Two lines in the listing below mark the span: one contains "capricorn Capricorn (the" and one contains "Internet đã trở". Reproduce both of them and everything between, exactly.

▸ **Dataset excerpts**
# # # # #

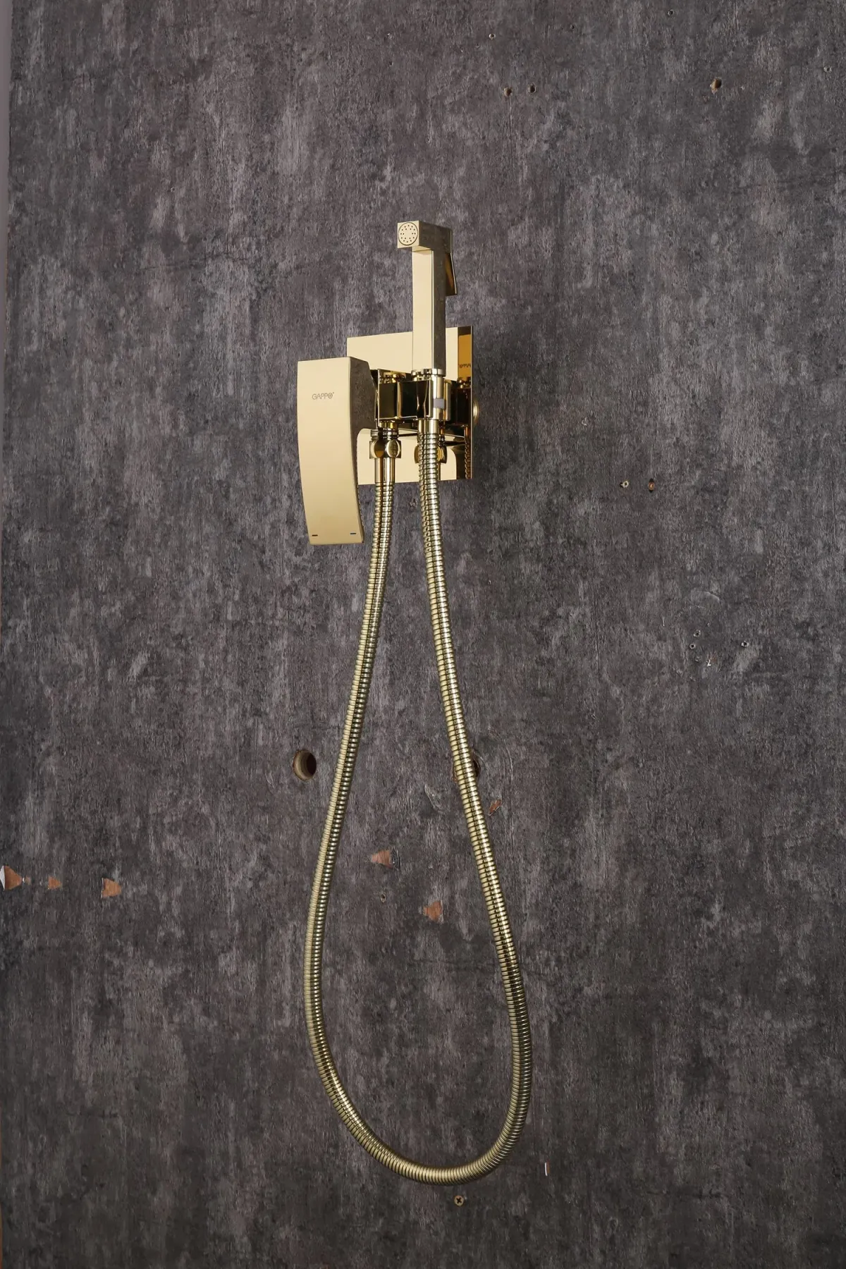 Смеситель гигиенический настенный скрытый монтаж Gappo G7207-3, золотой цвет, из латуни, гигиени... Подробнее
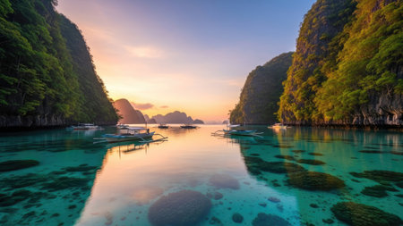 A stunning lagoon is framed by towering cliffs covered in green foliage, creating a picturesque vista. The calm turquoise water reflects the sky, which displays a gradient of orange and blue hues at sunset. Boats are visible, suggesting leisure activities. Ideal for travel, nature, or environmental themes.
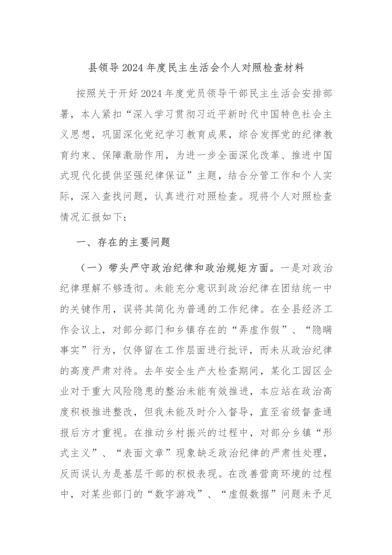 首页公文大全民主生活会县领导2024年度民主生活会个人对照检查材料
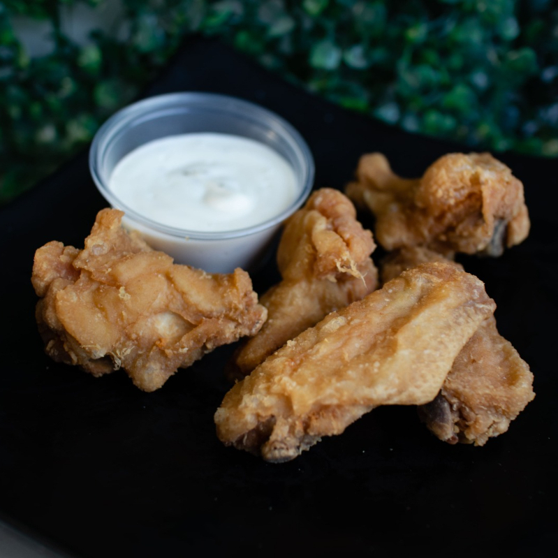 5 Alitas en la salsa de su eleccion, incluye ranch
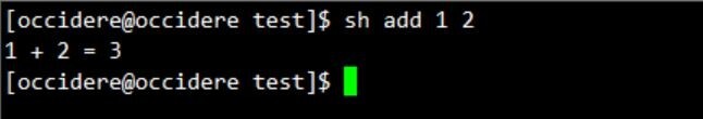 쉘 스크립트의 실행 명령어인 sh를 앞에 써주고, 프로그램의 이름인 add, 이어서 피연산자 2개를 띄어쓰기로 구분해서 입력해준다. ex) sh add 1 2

# # # # #

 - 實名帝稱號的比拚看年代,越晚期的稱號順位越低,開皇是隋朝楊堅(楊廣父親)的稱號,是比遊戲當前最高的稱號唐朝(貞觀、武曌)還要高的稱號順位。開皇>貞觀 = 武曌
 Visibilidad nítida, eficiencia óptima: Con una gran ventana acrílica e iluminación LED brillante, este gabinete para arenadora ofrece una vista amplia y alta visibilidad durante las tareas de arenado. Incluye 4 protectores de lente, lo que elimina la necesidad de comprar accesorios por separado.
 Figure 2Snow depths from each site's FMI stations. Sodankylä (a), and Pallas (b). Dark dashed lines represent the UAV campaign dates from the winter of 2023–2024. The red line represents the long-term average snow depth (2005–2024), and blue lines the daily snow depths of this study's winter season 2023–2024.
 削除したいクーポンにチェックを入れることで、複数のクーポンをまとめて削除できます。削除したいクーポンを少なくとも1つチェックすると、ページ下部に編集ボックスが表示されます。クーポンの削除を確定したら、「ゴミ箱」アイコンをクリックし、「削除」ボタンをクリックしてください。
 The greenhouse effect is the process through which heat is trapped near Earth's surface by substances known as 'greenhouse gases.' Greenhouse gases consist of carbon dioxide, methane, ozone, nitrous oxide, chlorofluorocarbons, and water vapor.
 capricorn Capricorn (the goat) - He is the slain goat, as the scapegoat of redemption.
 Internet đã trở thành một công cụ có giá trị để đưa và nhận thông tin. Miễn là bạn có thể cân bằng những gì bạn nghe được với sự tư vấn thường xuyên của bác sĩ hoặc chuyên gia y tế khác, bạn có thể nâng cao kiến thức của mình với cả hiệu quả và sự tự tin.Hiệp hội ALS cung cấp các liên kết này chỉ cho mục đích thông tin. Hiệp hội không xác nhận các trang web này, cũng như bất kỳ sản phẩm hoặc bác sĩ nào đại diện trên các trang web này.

# # # # #

▸ **Answer**
 capricorn Capricorn (the goat) - He is the slain goat, as the scapegoat of redemption.
 Internet đã trở thành một công cụ có giá trị để đưa và nhận thông tin. Miễn là bạn có thể cân bằng những gì bạn nghe được với sự tư vấn thường xuyên của bác sĩ hoặc chuyên gia y tế khác, bạn có thể nâng cao kiến thức của mình với cả hiệu quả và sự tự tin.Hiệp hội ALS cung cấp các liên kết này chỉ cho mục đích thông tin. Hiệp hội không xác nhận các trang web này, cũng như bất kỳ sản phẩm hoặc bác sĩ nào đại diện trên các trang web này.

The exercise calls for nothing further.